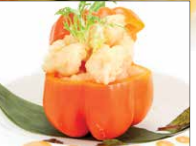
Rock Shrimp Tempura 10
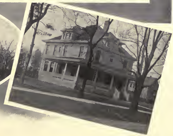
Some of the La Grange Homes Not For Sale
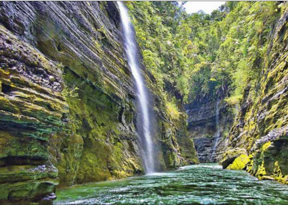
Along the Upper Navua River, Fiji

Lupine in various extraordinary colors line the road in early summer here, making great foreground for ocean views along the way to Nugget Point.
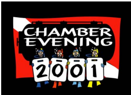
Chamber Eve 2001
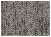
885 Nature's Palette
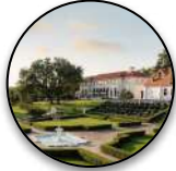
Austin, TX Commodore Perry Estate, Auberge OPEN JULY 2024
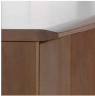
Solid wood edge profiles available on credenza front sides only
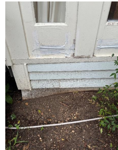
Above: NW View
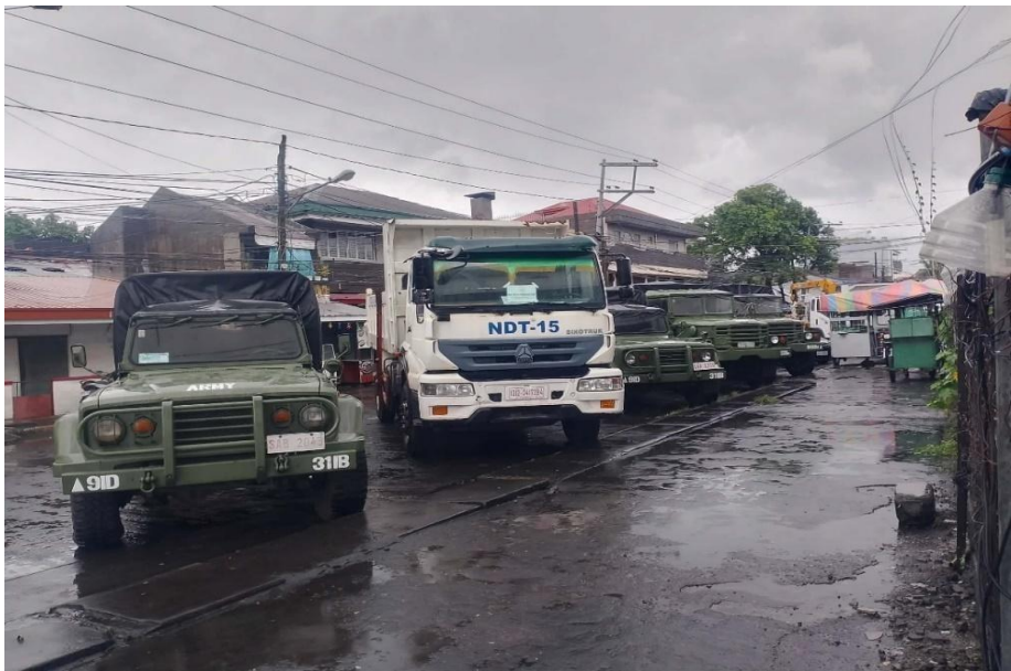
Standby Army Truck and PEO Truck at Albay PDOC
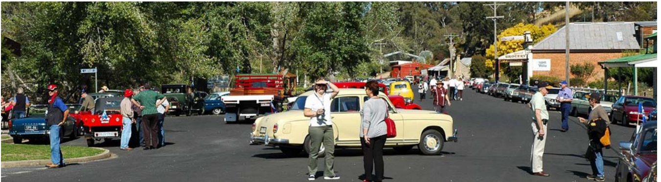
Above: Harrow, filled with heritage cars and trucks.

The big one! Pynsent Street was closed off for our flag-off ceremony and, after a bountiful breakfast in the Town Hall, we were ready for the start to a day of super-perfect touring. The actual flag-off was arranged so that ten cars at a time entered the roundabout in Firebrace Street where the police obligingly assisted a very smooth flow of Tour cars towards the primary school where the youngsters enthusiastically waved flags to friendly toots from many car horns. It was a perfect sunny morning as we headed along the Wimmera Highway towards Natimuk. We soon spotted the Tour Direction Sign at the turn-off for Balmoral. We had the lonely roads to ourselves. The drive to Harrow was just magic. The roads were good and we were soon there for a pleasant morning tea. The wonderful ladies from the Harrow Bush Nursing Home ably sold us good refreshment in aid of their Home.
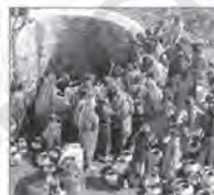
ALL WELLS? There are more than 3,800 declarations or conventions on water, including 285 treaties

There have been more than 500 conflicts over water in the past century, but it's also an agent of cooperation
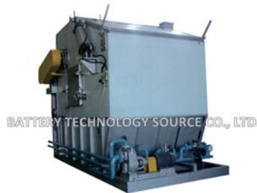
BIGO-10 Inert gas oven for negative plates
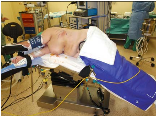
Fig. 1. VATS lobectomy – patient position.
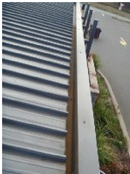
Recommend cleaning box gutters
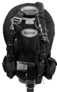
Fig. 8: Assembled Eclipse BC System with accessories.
---
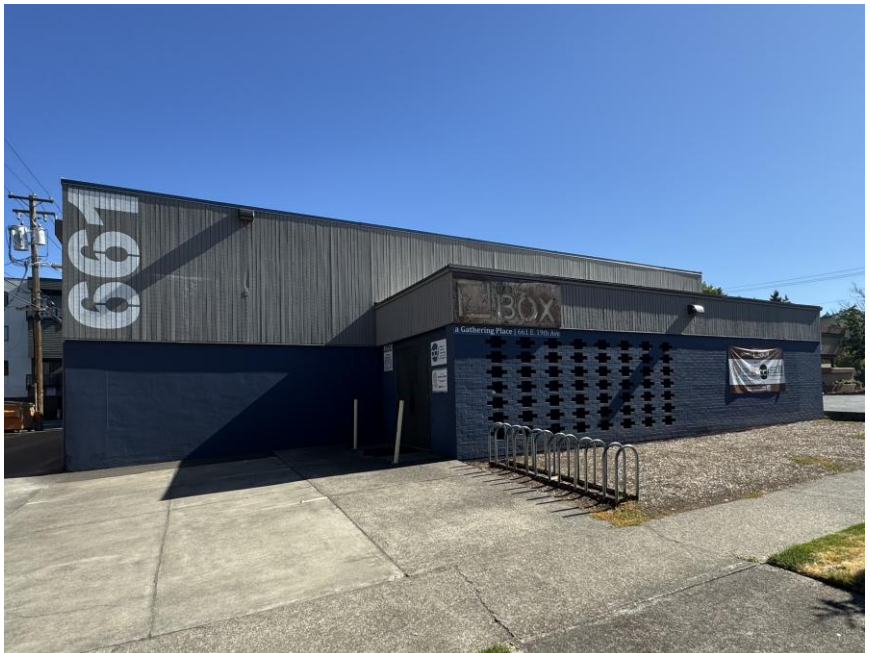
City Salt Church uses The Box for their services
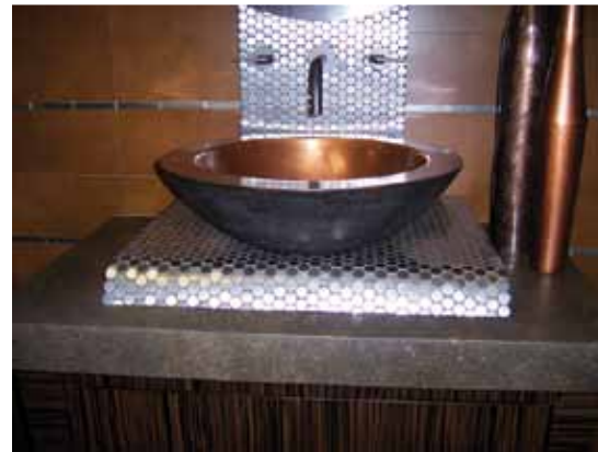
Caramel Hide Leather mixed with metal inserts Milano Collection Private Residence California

ABOUT THIS EXERCISE → Find the line with "Above: NW View" in the data above, and from there retype each line exactly through the line with "Fig. 8: Assembled", skipping the pictures along the way.

ANSWER SPACE →
Above: NW View
Standby Army Truck and PEO Truck at Albay PDOC
Above: Harrow, filled with heritage cars and trucks.

The big one! Pynsent Street was closed off for our flag-off ceremony and, after a bountiful breakfast in the Town Hall, we were ready for the start to a day of super-perfect touring. The actual flag-off was arranged so that ten cars at a time entered the roundabout in Firebrace Street where the police obligingly assisted a very smooth flow of Tour cars towards the primary school where the youngsters enthusiastically waved flags to friendly toots from many car horns. It was a perfect sunny morning as we headed along the Wimmera Highway towards Natimuk. We soon spotted the Tour Direction Sign at the turn-off for Balmoral. We had the lonely roads to ourselves. The drive to Harrow was just magic. The roads were good and we were soon there for a pleasant morning tea. The wonderful ladies from the Harrow Bush Nursing Home ably sold us good refreshment in aid of their Home.
ALL WELLS? There are more than 3,800 declarations or conventions on water, including 285 treaties

There have been more than 500 conflicts over water in the past century, but it's also an agent of cooperation
BIGO-10 Inert gas oven for negative plates
Fig. 1. VATS lobectomy – patient position.
Recommend cleaning box gutters
Fig. 8: Assembled Eclipse BC System with accessories.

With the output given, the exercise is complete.